Вначале он не поверил в это известие, думая, что та попросту сбежала, прихватив подброшенные им перчатки. Их ведь так и не нашли! Но потом, внимательно осмотрев окрестные кусты, он отыскал перчатки и в бешенстве принялся топтать их ногами. Попадись ему сейчас утащившая их собака, ей досталось бы и того больше. Подумать только — его столь тщательно продуманный план оказался сорван! И кто виноват? Какая-то паршивая сука! Если бы не это… Он ведь видел, как глубоко была потрясена Инна. Еще бы немножко, еще одна встряска — и ей бы хватило, чтобы ненавистный детеныш убрался из ее тела прочь. А уж перчаток мужа на месте убийства точно хватило бы с лихвой. И все сейчас было бы по-другому, если бы не дрянная собака. Что ее сюда понесло? Обычно крутилась на стоянке лесовозов, редко от нее отбегая, а тут поперлась. Ни раньше, ни позже! И надо же такому случиться — унюхала запах своего постоянного кормильца и утащила его перчатки…

— Убью суку! — с чувством пообещал он, глядя на перчатки, почти полностью втоптанные в землю.

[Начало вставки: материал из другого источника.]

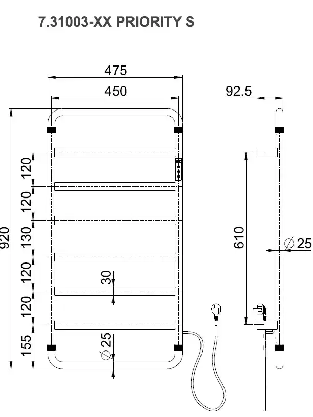 Полотенцесушитель электрический Allen Brau Priority 920х475 7.31003-GM, графит матовый, подключение скрытое к сети электропитания / электропровод с вилкой, с терморегулятором и таймером quick touch, нержавеющая сталь SUS 304, гарантия 3 года.

И выполнил свое обещание. Собака не баба, душить ее он не собирался: могла ведь и покусать. Поэтому просто подкинул ей кусок отравленной колбасы. Бросил издали, через ограду. Собака хлеб свой ела не даром и, зная всех шоферов наперечет, остальных жителей поселка подпускала к машинам только в их сопровождении. Правда, на посторонних не кидалась, а только облаивала, таким образом объявляя об их появлении. Вот он и не стал дожидаться, пока псина залает и привлечет внимание сторожа. Едва собака его увидела, он бросил ей колбасу и пошел назад, решив издалека убедиться, что «угощение» не пропало впустую. На колбасу не поскупился, выбрал самую дорогую, и не слишком избалованная псина, посомневавшись недолго, не устояла. А он, злорадно понаблюдав за ее трапезой, с чувством хоть какого-то удовлетворения пошел домой.

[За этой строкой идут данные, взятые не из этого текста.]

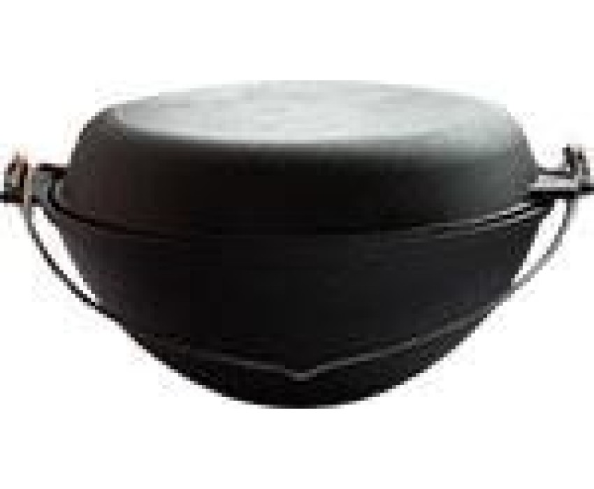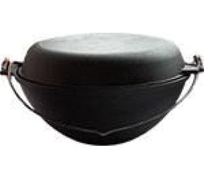 Котел с дужкой с чугунной крышкой-сковородой Объем: 5 литров Крышка: Чугунная Ручка: Дужка Дно внутреннее: Полусфера Дно внешнее: Плоское Диаметр дна: 11,5 см Тип плиты: для всех типов, кроме индукционных Особенности: повышенная долговечность и износостойкость; утолщенное дно до 6 мм; природное антипригарное покрытие; высокая теплопроводность и эргономичность; удобство в использовании; идеальное распределение тепла по всей поверхности посуды, длительное сохранение тепла, вследствие чего получаем эффект томления; возможность использования минимального количества масла и соли; подходит для всех типов плит и печей

Поставив лесовоз на место, Вадим свистнул собаке. Обычно он приберегал для нее пару бутербродов на ужин, и та, завидев его машину, сама выбегала ему навстречу. Но сегодня ее что-то не видно. И это было странно: умная псина не покидала свой пост. Поэтому, не дождавшись появления собаки, Ларичев пошел в обход стоянки, разыскивая ее.

Нашел недалеко от ограды, в своеобразном логове из старых покрышек. Присел на корточки, заглянул в темнеющий проем:

— Белка, ты чего там залегла?

Собака лишь заскулила в ответ. Встревожившись, Вадим щелкнул зажигалкой. Белка лежала, неестественно съежившись. Темные глаза превратились в два омута боли, по углам пасти стекала пена.

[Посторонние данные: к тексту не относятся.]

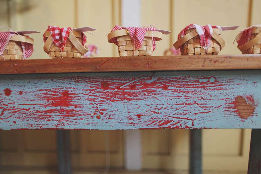 To give the wedding a personal touch, the couple and their family DIY’ed as much as they could. “My Mom and Dad helped make the miniature picnic basket favors”, the bride continued. “Inside each was full of kufeta, or Greek jordan almonds. For a while, the dining room table was piled high with these little guys – it looked like an elf workshop. The wedding programs came equipped with a vintage hanky, each one different. My Mother-in-law found hundreds of them at a yard sale in Illinois for next to nothing. I had wanted to construct a quilt for our “guestbook” wedding quilt but I ran out of time. However it turned out to be a blessing in disguise as I think the vintage squares, which people wrote personal notes on, worked out better!”

— Белка… — выдохнул Ларичев. — Иди сюда! Ко мне!

Собака сделала слабую попытку шевельнуться. Поняв, что большего не дождется, Вадим растянулся на грязном асфальте и подсунул руки под ее сведенный судорогой живот. Вытащил, кое-как выпрямился — такие упражнения давались ему трудно — и понес к машине.

Дома он прежде всего заставил собаку проглотить крепкий соленый раствор, от которого ее сразу вырвало. В ноздри ударил резкий химический запах, в рвотной массе отчетливо были заметны остатки не успевшего полностью перевариться порошка. Поняв все, в порыве раскаяния Вадим взял собачью морду в ладони.

— Прости, Белка! Похоже, подставил я тебя. Но я и подумать не мог, что этот гад даже на тебя разъярится. Вот сволочь! Узнать бы, кто он! Только бы узнать!

Собака никак не отреагировала, но Ларичев и не ждал ответа. Не теряя времени, он принялся отпаивать ее в надежде нейтрализовать успевший всосаться в кровь яд.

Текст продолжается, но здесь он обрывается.